En el pasado mes de diciembre de 2025, FINRA (Financial Industry Regulatory Authority) publicó en los EEUU un Informe sobre la “Inversión influenciada por las redes sociales” (“Social media-influenced investing”) que nos parece del máximo interés y actualidad y nos muestra paradojas de la digitalización financiera que conectan con temas frecuentemente tratados en este blog y en definitiva, con las “nuevas fronteras” de la protección de los inversores en el mercado digital de valores.

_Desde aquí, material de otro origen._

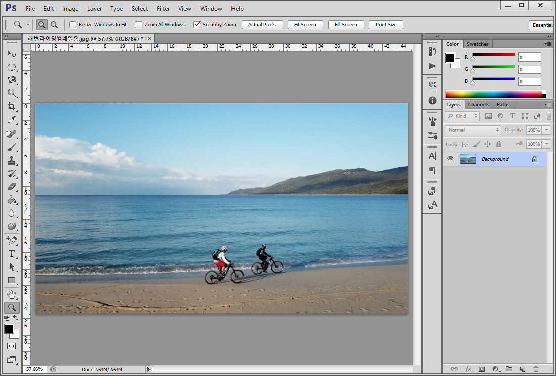 이미지를 본격적으로 편집하기 전에, 프리미어에서 저장해 놓은 그림파일을 포토샵에서 불러와서 크기 조정과 캔버스의 확대/축소/이동 방법을 알려드리겠습니다.

Son estas otras tantas razones para dar cuenta somera de este Informe.
Por lo anterior, esta entrada es un precipitado natural de la línea de investigación sobre la digitalización financiera que venimos desarrollando en este blog desde hace ya varios años tratando temas novedosos como el de los “finfluencers” o la manipulación de opinión del mercado por sistemas sesgados de inteligencia artificial; cuyo ejemplo más cercano, por razones materiales y cronológicas, es la entrada de 12 de enero sobre los “FINFLUENCERS (“influencers” financieros) y “efecto manada digital”: Advertencias de la AEVM (ESMA) y de la CNMV”.
A) Aspectos generales: El impacto de las redes sociales en los inversores y en las entidades financieras
Debemos comenzar recordando que FINRA (Financial Industry Regulatory Authority) se define como un organismo regulador independiente y sin fines de lucro en EE.UU. que pretende proteger a los inversores y la integridad del mercado, supervisando a todas las firmas y corredores de bolsa que venden valores, creando y aplicando reglas, investigando malas conductas y gestionando herramientas como BrokerCheck para que los inversores puedan verificar a sus corredores, todo bajo la supervisión de la SEC.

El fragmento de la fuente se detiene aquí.